Search code examples
google-bigqueryapache-beam-io

Set table description when creating table with apache_beam.io.gcp.bigquery.WriteToBigQuery


Is it possible to create a table with a provided description string (for the table) using Apache Beam's WriteToBigQuery?

The additional_bq_parameters argument is useful to set, for example, the clustering or partitioning fields, but I cannot find a way to set table description here, nor in the schema object that is passed.

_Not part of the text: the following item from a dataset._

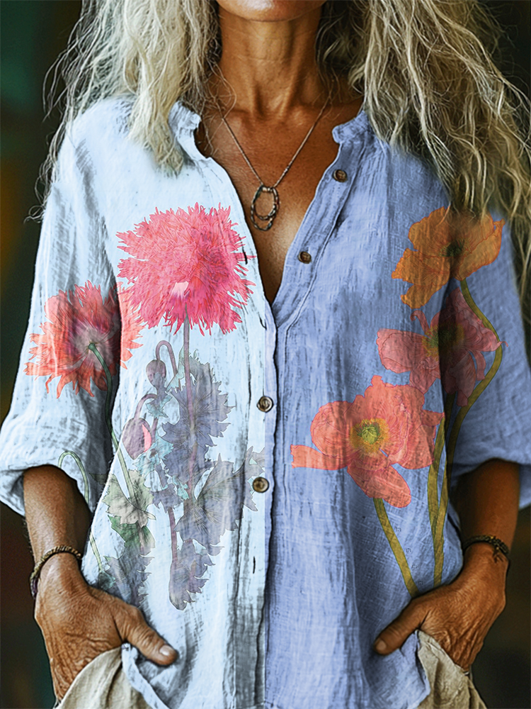 Women's Floral Pattern Art Print Casual Cotton Linen Shirt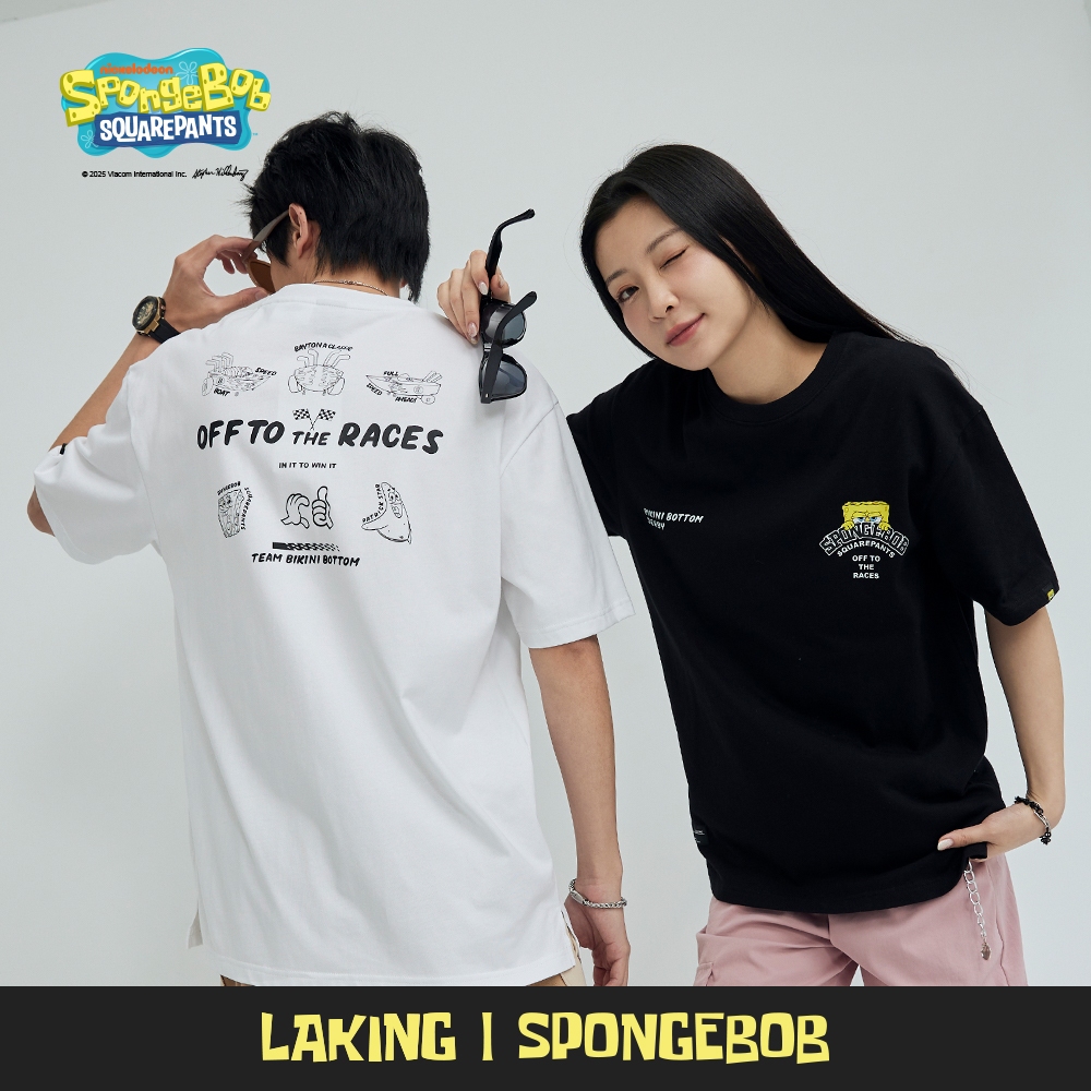 LAKING-海綿寶寶-賽道狂飆短T白色,M|白色,L|白色,XL|黑色,M|黑色,L|黑色,XLT-ShirtsLAKING官方旗艦店

Is there any alternative way to do this (create a table with description / set table description) using the native Beam functions?


Solution

  • Setting table descriptions at the time of table creation is not directly supported by the apache_beam.io.gcp.bigquery.WriteToBigQuery transform. There isn't a parameter for specifying a description, however the schema parameter lets you specify the table schema. Setting a table description requires the following steps:

    1. construct the table independently: Use the BigQuery API or the bq command-line tool to construct the BigQuery table prior to executing your Beam pipeline. This enables you to include a description when creating the table. This guarantees that the table is there before the Beam pipeline tries to write data. For more details refer to this documentation .

    2. Utilize WriteToBigQuery with CREATE_NEVER: In your Beam pipeline, utilize WriteToBigQuery with beam.io.BigQueryDisposition.CREATE_NEVER as the create_disposition argument. As a result, Beam will just publish data to the existing table rather than trying to create the table itself and refer to link1 and link2.